I also wanted to mention that if a class is advertised as clicker training, that doesn't necessarily mean that they require all the dog owners to use a clicker. I've been to classes before where they were called "clicker training" but you didn't HAVE to use a clicker on your dog to be part of the class.


----------



## Melissa_A (Apr 28, 2009)

Okay, good to know. I don't know too much about it, but we just wanted to make sure whatever training we did with Marley would still work even if we didn't have a clicker. I'll be sure to ask each trainer their approach...


----------



## BlackPuppy (Mar 29, 2007)

Melissa, I used to feel the same as you about clickers. When I got my third dog I decided to try it. It really makes training much easier. And you only use it so the dog understands what you are asking. Once he knows he's doing the right thing, you don't need it. Definitely give it a try. I now recommend people find a trainer that DOES use clickers.


----------



## pupresq (Dec 2, 2005)

This feels a little like shameless self promotion, but this is an article I wrote for HowStuffWorks about dog training:

http://animals.howstuffworks.com/pets/dog-training.htm

It explains how clicker training works and why.

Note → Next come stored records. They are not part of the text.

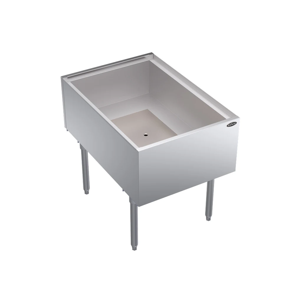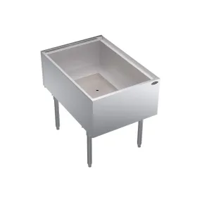 The Krowne KRPT-1836 Silver ice bin stores ice for beverage service while helping maintain cold temperatures with an insulated stainless steel interior. A full sliding cover protects the ice supply between uses while keeping it accessible during drink preparation. The unit includes a 3-inch backsplash that helps shield surrounding surfaces from splashes. A 1-inch drain removes melted ice water, and stainless steel construction with 1 5⁄8-inch tubular legs and gray plastic bullet feet supports placement in bar workstations.
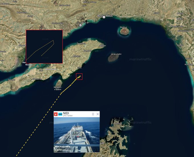根据MarineTraffic AIS追踪的数据,周四,一艘液化石油气船在试图通过伊朗批准的拉腊克岛附近路线穿越霍尔木兹海峡时,就进行了180度转向,这是自周三以来同一路线上的第二起油轮转向事件。
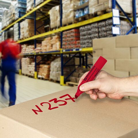 Маркер перманентный BRAUBERG "JUMBO", КРАСНЫЙ, ШИРОКАЯ ЛИНИЯ ПИСЬМА, скошенный наконечник, 3-10 мм, 151226
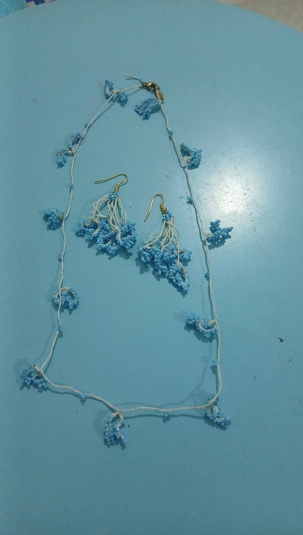 Uzun boylu, mavi pastel tonlarında boncuklu ve nakışlı detaylara sahip bohem tarzda kolye ve küpe seti, düğünler için uygun.
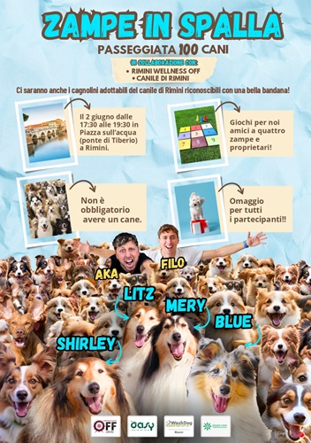 RIMINI – Nel cuore verde del Parco XXV Aprile va in scena ‘Zampe in spalla – Passeggiata 100 cani’, una domenica speciale dedicata all’amore incondizionato verso i quattro zampe e alla vita all’aria aperta.Organizzato in maniera congiunta con Comune di Rimini e con la Rimini Wellness OFF insieme a WashDog, Oasy (cibo per cani e gatti) e la cooperativa Cento Fiori, il raduno è in programma il 2 giugno alle ore 17.30 con ritrovo alla Piazza sull’Acqua, davanti al Ponte di Tiberio. Una volta lì, si dirà lo start a una serie di attività ludiche e sportive che si snoderanno al Parco XXV Aprile, per concludersi intorno alle 19.30.
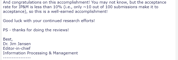 Information Processing & Management的投稿接受率(来自编辑的接收邮件):
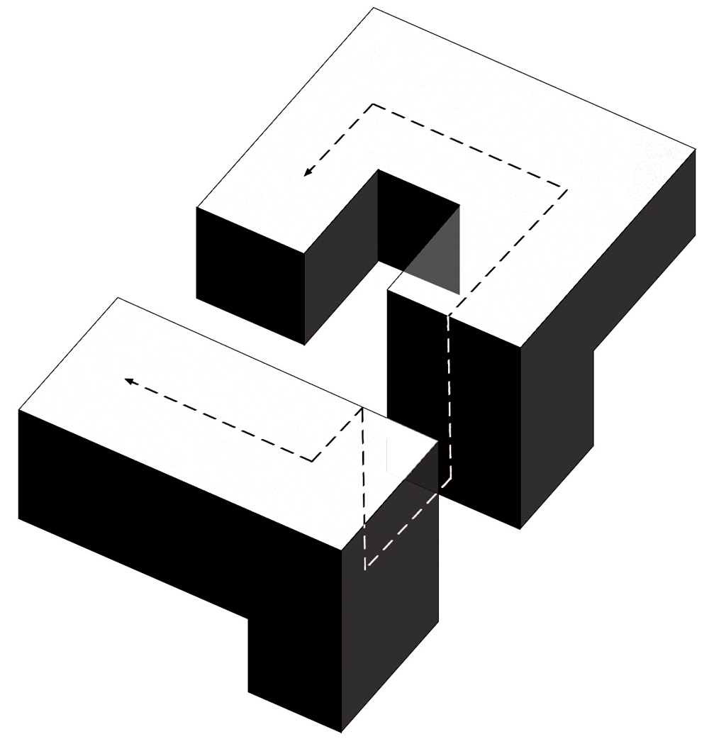 For us, the empty space was important in this project, so that first, empty spaces were created according to the program and the wishes of the client, then other parts of the project, like a continuous loop, formed around these voids. This solution is the result of an indirect dialogue and quotation with two projects of Koolhaas (a very large library and CCTV project in China). Subsequently, the project was accompanied by a fundamental change in the traditional Yazd homes program, and the fact that the kitchen was located in Yazdi houses somewhere outside of the home, and this also expressed the status of woman in the traditional world. But in this project, the kitchen is the focal point of the house, in which both the private space and the public space are in contact, and represents the position of the woman in the modern world. Regarding the way in which the project is organized, the project is such that in the future two family members can be placed at the upper and lower levels and parents at an intermediate level if this is desired, which emphasizes the flexibility and economy of the old houses. Finally, the materials that are considered in the construction of this project are concrete and brick, one regional and the other international, which makes the double reading of the work and the establishment of a border between Iranian and global architecture.

There are many sites that go a lot more in depth about the actual how-to of it but it might be a good place to start because it kind of gives the background. You definitely don't need to have a clicker to get your dog to obey once they learn commands, it's just a method of training the commands - and the fastest, easiest, most fun method I've used. I would highly recommend a clicker (good) clicker class.


----------



## Minnieski (Jan 27, 2009)

I think clicker training is ok, but we decided not to go that route. Our pup isn't really food motivated, so she was like, why are you making that noise all the time??? We just use her tennis ball or other toys in training w/o a clicker. Our trainer doesn't use them, but he said that they can be good to teach complex tricks, but that they aren't really necessary for basic obedience.


----------



## Chicagocanine (Aug 7, 2008)

You can use toys with clicker training, or anything else the dog finds motivating. It doesn't have to be treats.


----------



## gsdlove212 (Feb 3, 2006)

Exactly all the clicker does is mark the behavior so that the dog can match the wanted behavior with the reward..be it food, or a ball, or lavish praise, or whatever works best for you and your dog.


----------